Furthermore, as a combination vaccine, the hexavalent vaccine could reduce the risk of vaccination sequence disruption and delayed vaccination, contributing to improved vaccination coverage. Under the current scenario, according to the Endes 2017, there is a fraction of children under one year of age who only complete the primary polio vaccination schedule but not the primary pentavalent scheme (~ 3%), and vice versa (~ 2%). By using a more combine scheme, these children lost to follow-up could have been fully protected, increasing the vaccination coverage rate for both vaccines (i.e., children who received three doses of pentavalent and polio vaccine) from 75.2% to ~ 80% [
56]. However, more integrated vaccination schemes may be more sensitive to supply interruptions, negatively affecting vaccination coverage. Hence, a balance between both effects should be considered.

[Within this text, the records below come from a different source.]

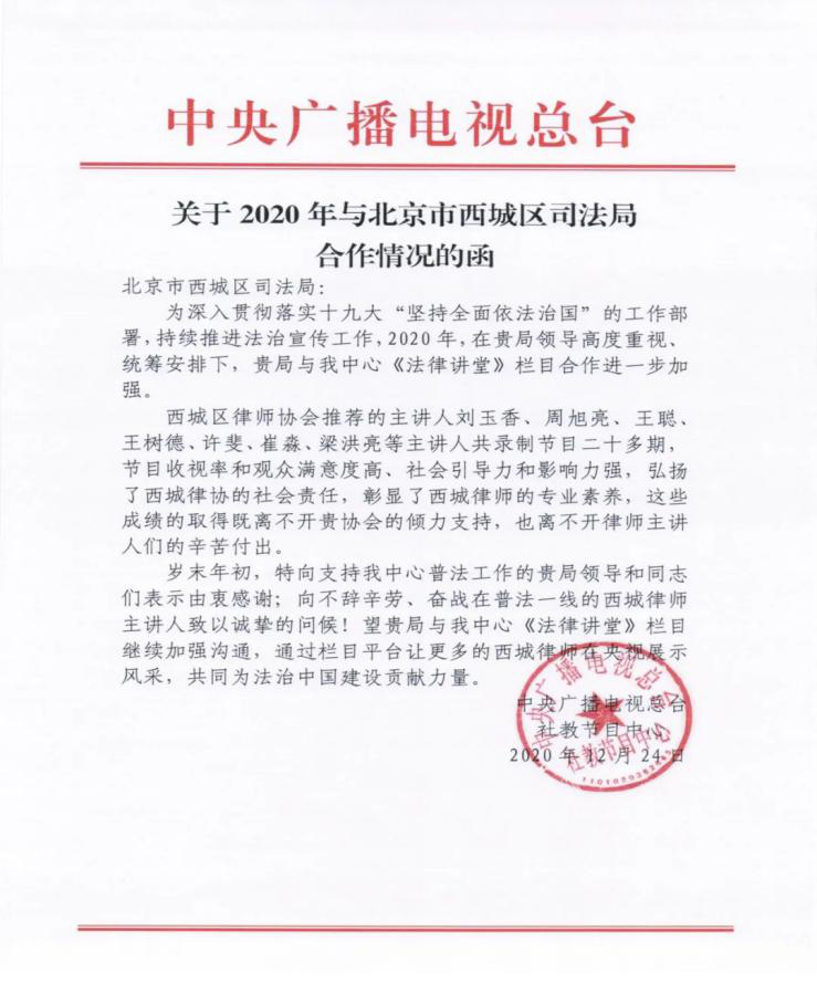 中央广播电视台社教节目向西城司法局发送了一封感谢函,函中对西城区律师协会推荐的《法律讲堂》主讲人表示了感谢,北京冠领律师事务所主任周旭亮律师正是受到点名表扬的律师之一。
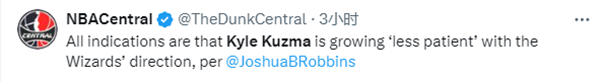 来源:24直播网01-27 11:1224直播网讯 北京时间1月27日,湖人旧将库兹马疑似与奇才管理层不和,据奇才队记Josh Robbins报道,种种的迹象表明,库兹马对奇才的建队方向感到越来越“不耐烦”;库兹马公开喊话:我不再迎合球队,我要做自己。
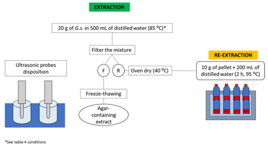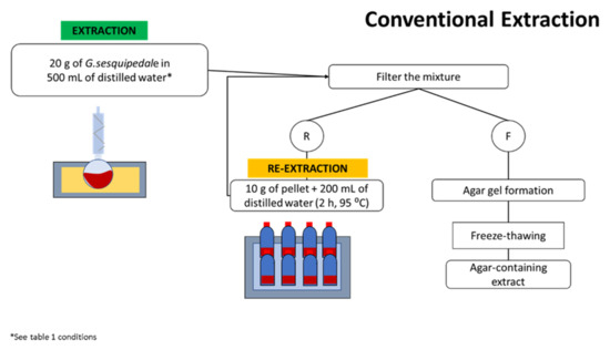 Afterwards, a re-extraction was performed on the residues from the previous extraction by soaking 10 g of the dried residue in 200 mL in distilled water during 2 h at 95 °C inside a water bath. After agar extraction, the mixture was processed as per the previously described processing procedures. The performed methodology is illustrated in Figure 1.
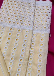 This is a light yellow color kurti with light embroidery work. Worn only once but because it was kept packed in almirah and was not opened for some time which is why it has a stain on front as visible in image. the stain will be cleared once washed again. Else the kurti is new not gorn and no other defect.
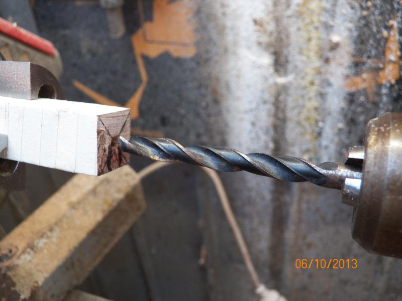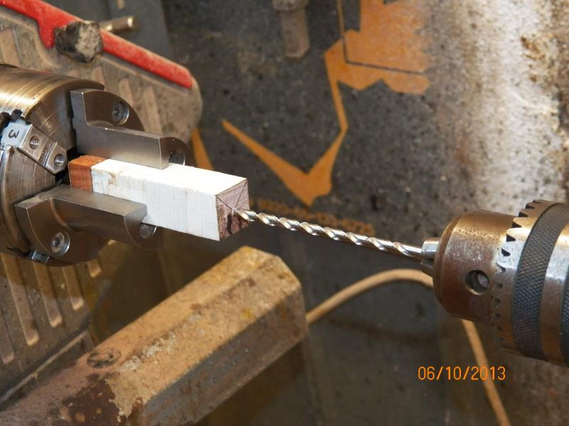 This sacrificial block can be used on a pen vice for bench drill or for lathe drilling, this is when, a long set of jaws on the chuck, can become most useful.
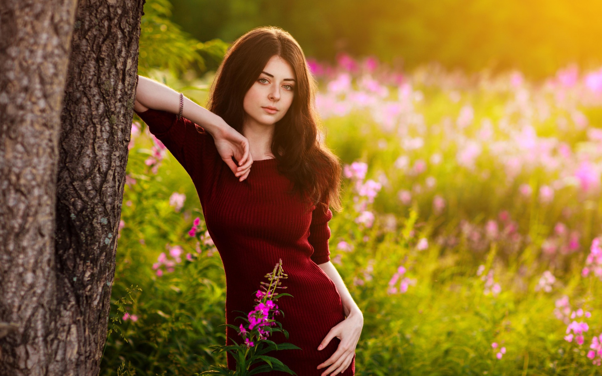 Woman tree field flower sun - free wallpaper for desktop | 5desktop.com
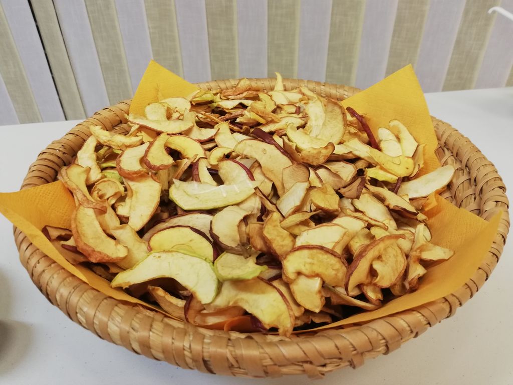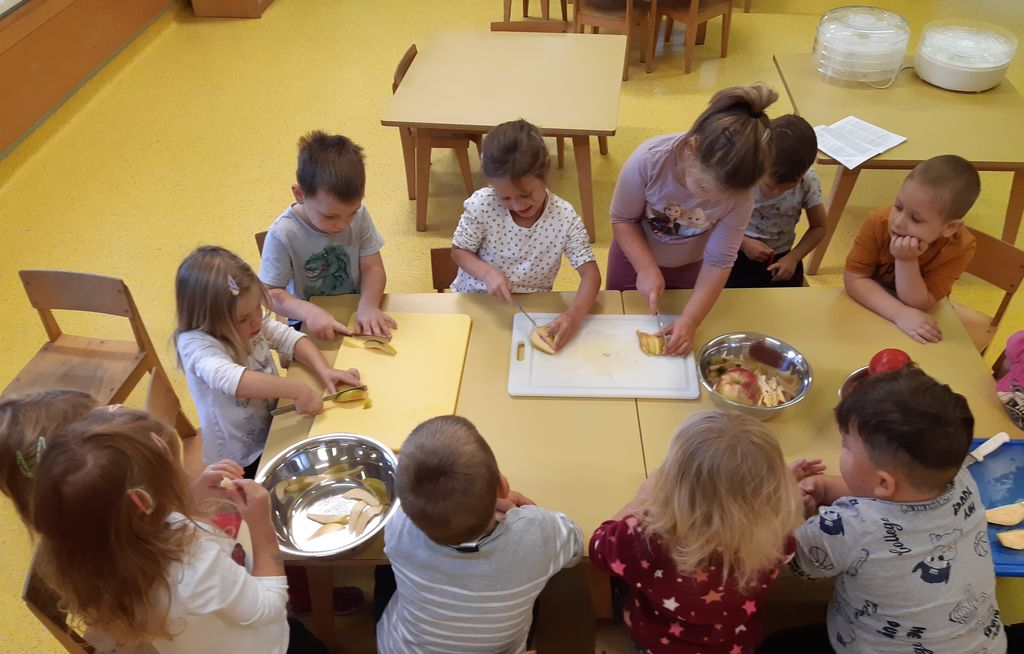 V skupini Pedenjped smo z otroki pripravili suhe jabolčne krhlje. Otroci so aktivno sodelovali skozi celoten postopek. Jabolka so najprej dobro oprali in jih sami, vsak po svojih najboljših močeh, narezali na krhlje in jih zložili v sušilnik sadja. Z zanimanjem so opazovali, kaj se dogaja in kako nam je v igralnici zadišalo. Suhe krhlje smo v peharju odnesli v telovadnico, kjer so jih poskusili tudi ostali otroci.
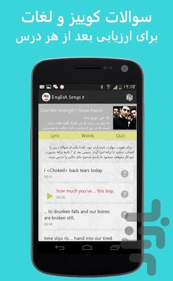 در هر درس یک آهنگ را گوش دهید، متن ترانه را به همراه ترجمه مشاهده کنید. سپس کلمات آن درس را مرور کنید. کلمات مورد نظرتان را به دفترچه لغاتتان اضافه نمایید. در آخر به سوالات کوییز که برای بالا بردن مهارت شنیداری شماست، پاسخ دهید.
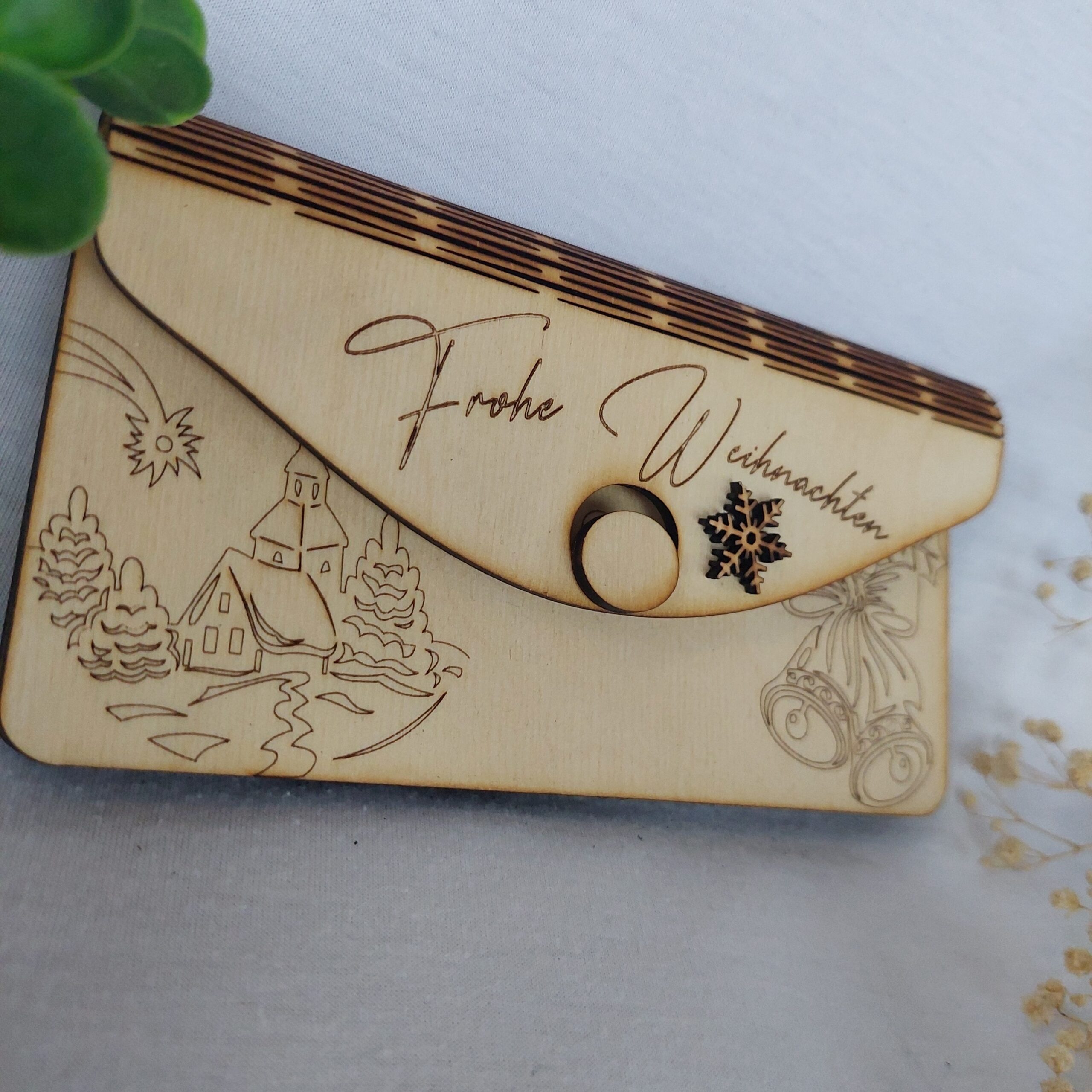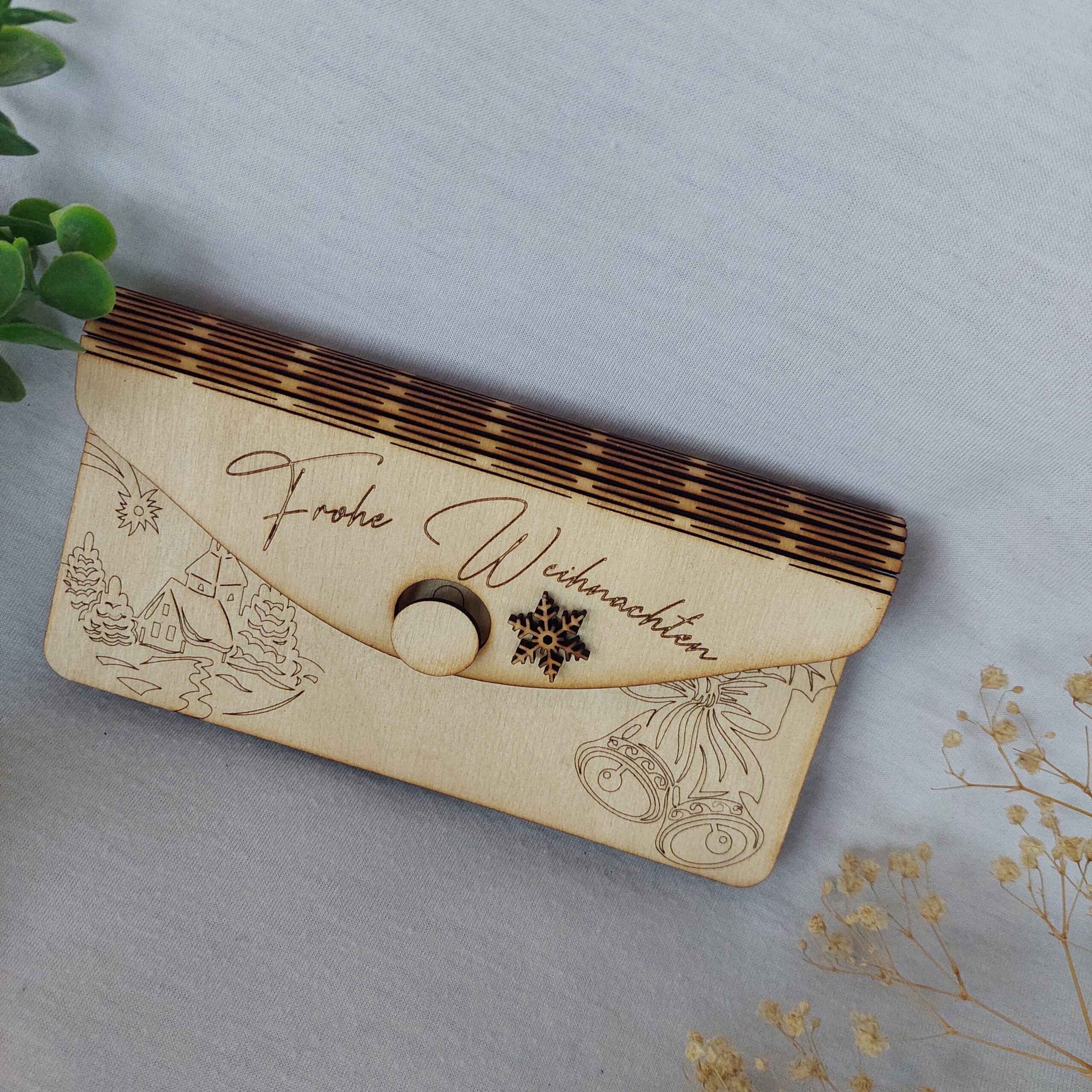 Hölzerner Geldumschlag „Frohe Weihnachten“ – Festliche Geschenkverpackung für Gutscheine & Geld
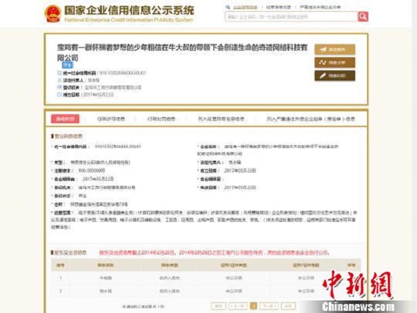 一家名為“寶雞有一群懷揣著夢(mèng)想的少年相信在牛大叔的帶領(lǐng)下會(huì)創(chuàng)造生命的奇跡網(wǎng)絡(luò)科技有限公司”近日走紅網(wǎng)絡(luò),該公司全名長(zhǎng)達(dá)39個(gè)字,被網(wǎng)友調(diào)侃為“史上最長(zhǎng)名字公司”。
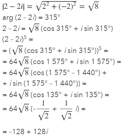 z=8(cos(135°)+i·sin(135°))z5=(85(cos(5·135°)+i·sin(5·135°))=84·81(cos(675°)+i·sin(675°))=64·8(cos(675°)+i·sin(675°))
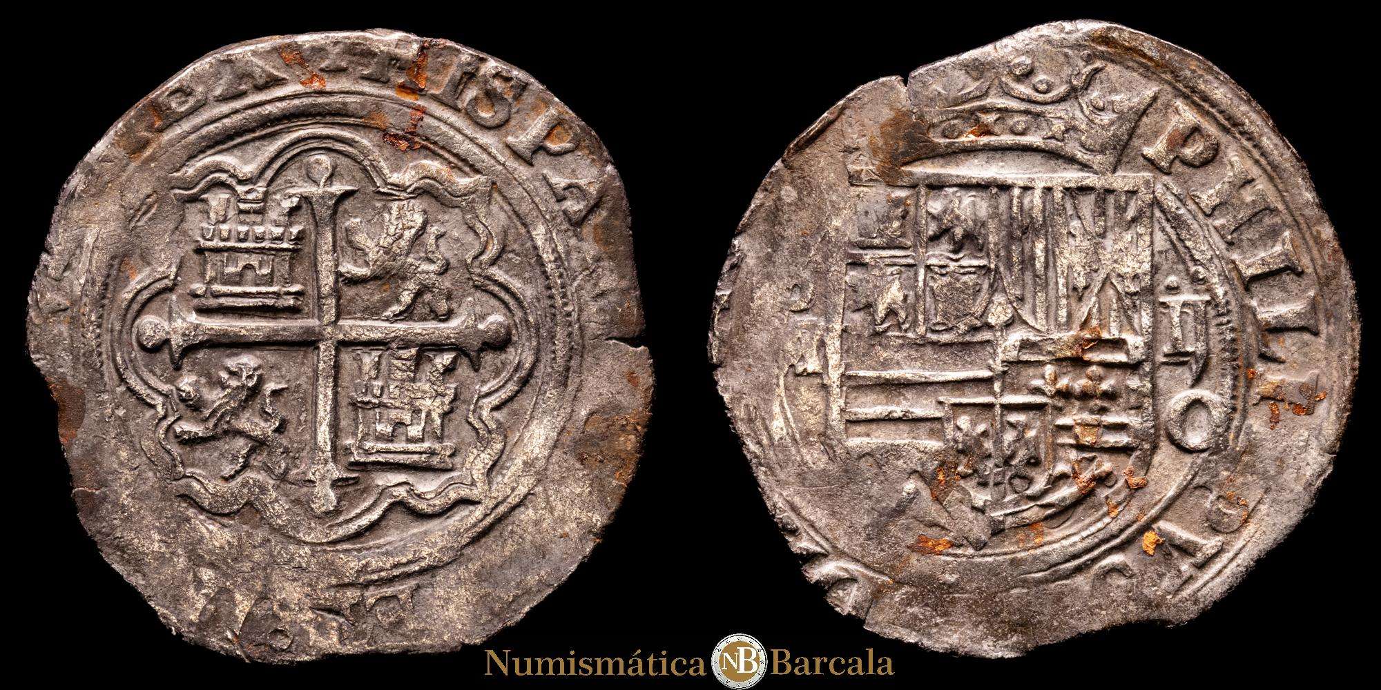 Numismática Barcala > Productos > Felipe II (1556-1598). 2 reales. ND. (6,71 g.). México. O. (1572-1589). CAL-355. Preciosa pátina. VF+.
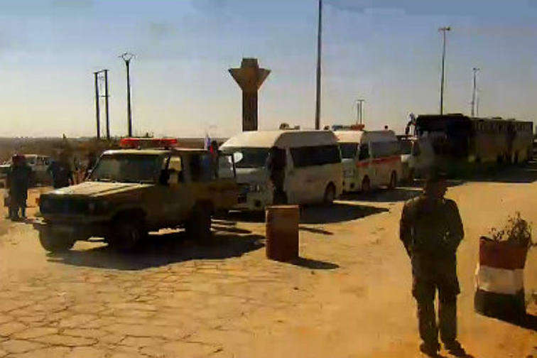 В районе гуманитарных коридоров видны десятки автобусов и автомобилей скорой помощи для эвакуации больных и раненых.
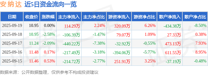 证券之星消息,截至2025年9月19日收盘,安 纳 达(002136)报收于10.95元,上涨0.0%,换手率2.18%,成交量4.68万手,成交额5112.54万元。
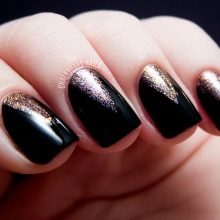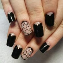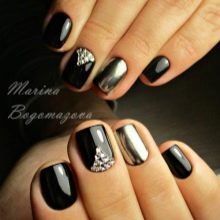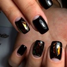 Siyah klasik manikür tasarımını kırık cam tekniği ile dekore edebilirsiniz. Küçük parçalara kesilen ve daha sonra sıvı bir tepeye yapıştırılan ince bir filmin taşması nedeniyle, manikür çok parlak ve etkileyici görünecektir. Buna ek olarak, çok ilginç görünen geleneksel ve tersine çevrilmiş servis ceketi birleştirebilirsiniz. Klasiklerin ve ay tasarımının düeti, siyahta eşit derecede etkileyici olabilir.
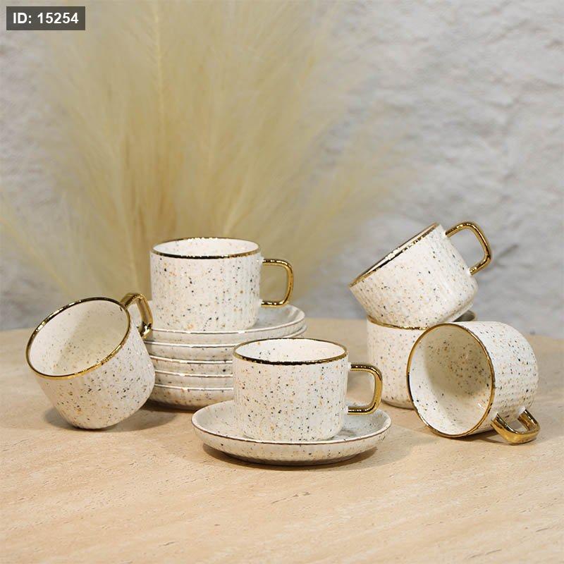 طقم فناجين قهوة 6/6 بورسلان ابيض محزز منقط الوان حيف ذهبي A48/39 =ع4
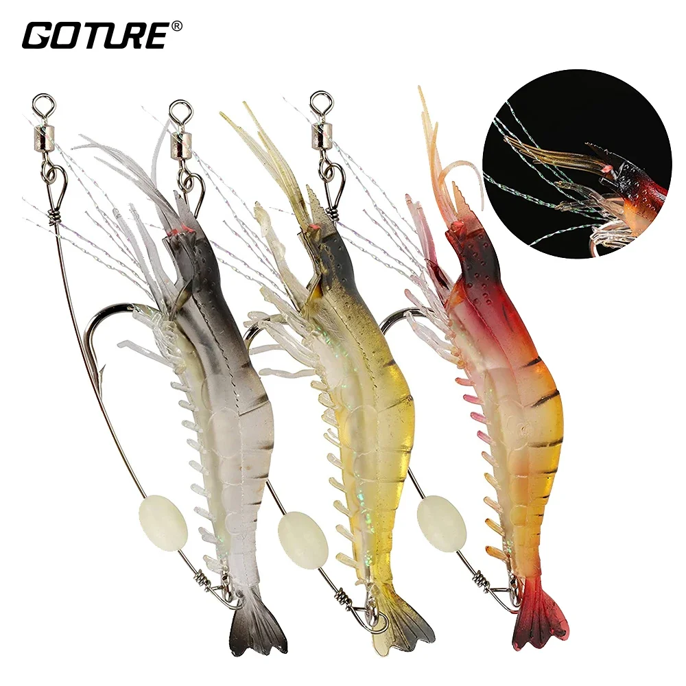 3. El juego de cebo de camarón Goture Soft Lures tiene un anzuelo de púas súper afilado oculto que mejora la velocidad de los peces, el alambre de acero en la cola puede evitar que los peces feroces muerdan y se rompan
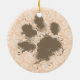 Funny Paw Print on Light Apricot, Peach Damask Ceramic Tree Decoration
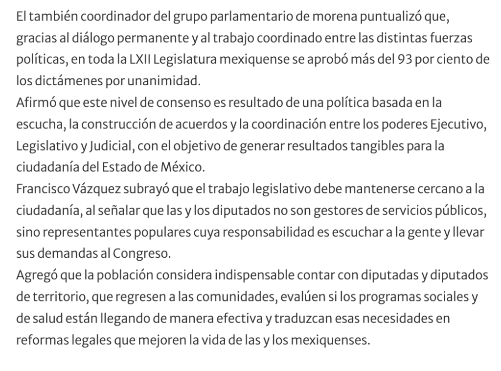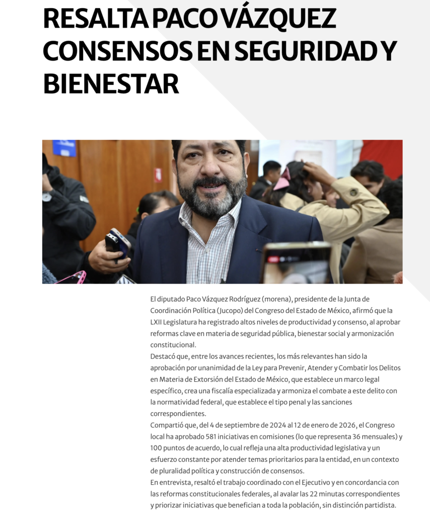 El diputado Paco Vázquez Rodríguez (morena), presidente de la Junta de Coordinación Política (Jucopo) del Congreso del Estado de México, afirmó que la LXII Legislatura ha registrado altos niveles de productividad y consenso, al aprobar reformas clave en materia de seguridad pública, bienestar social y armonización constitucional.
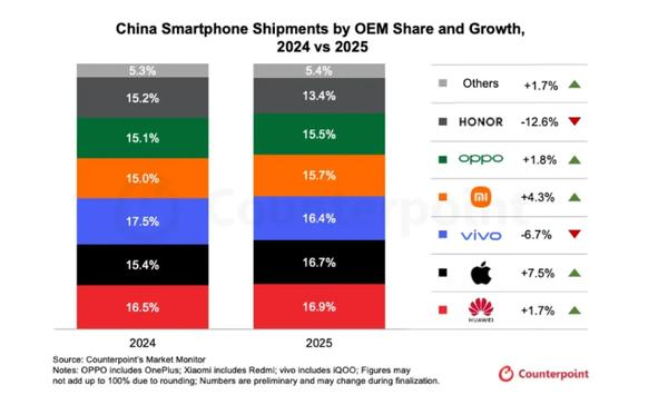 Counterpoint数据显示,2025年中国市场前五大手机厂商分别为华为(16.9%)、苹果(16.7%)、vivo(16.4%)、小米(15.7%)和OPPO(15.5%)。荣耀以13.4%的市占率位列第六,出货量同比下滑12.6%。尽管国内市场表现低迷,但荣耀在海外市场的增速却领跑行业,全年海外出货量同比增长47%,业务占比首次突破50%。

Finally, it is important to mention that there are other alternative vaccination schemes that the country could adopt which could mitigate the risk of developing adverse reactions such as the replacement of the existing third dose of OPV with the IPV vaccine or the introduction of a pentavalent acellular vaccine instead of a whole cellular one. Even if these alternatives could be less costly in terms of vaccine administration (as the vaccine acquisition cost may be lower), they could represent a higher logistic cost and a greater complexity to be implemented due to a greater storage space requirement. Also, the efficiency gain and the social benefits that brings more integrated vaccination schemes would be lose. All of these factors should be evaluated when deciding to transition to a new immunization scheme.
Limitations
From a payer perspective, CMAs and BIAs are essential for the comprehensive economic assessment of a novel healthcare intervention, and are important evidence for reimbursement authorities [
39]. Nevertheless, while conducted in line with ISPOR recommendations using the most appropriate data sources available, the present analysis was based on a number of assumptions and results should be interpreted as best estimates of real-world outcomes. For example, the vaccine uptake rates for the hexavalent vaccines and the current scheme were assumed to be the same; however, this may not be representative of clinical practice and requires further investigation. In addition, the study had a limited time horizon of 1 year and only considered vaccine effects in infants < 1 year of age; thus, any long-term effects (such as long-term costs associated with polio rehabilitation and the long-term economic return of disease prevention at a population level) were not captured.
It should also be noted that BIAs are not intended to capture aspects such as productivity and costs outside of the healthcare system [
39]. Although this study incorporated the differences in cost of time society would assume under both scenarios, it does not recognize other intangible impacts, such as the potential effects on the utilization of human and physical resources.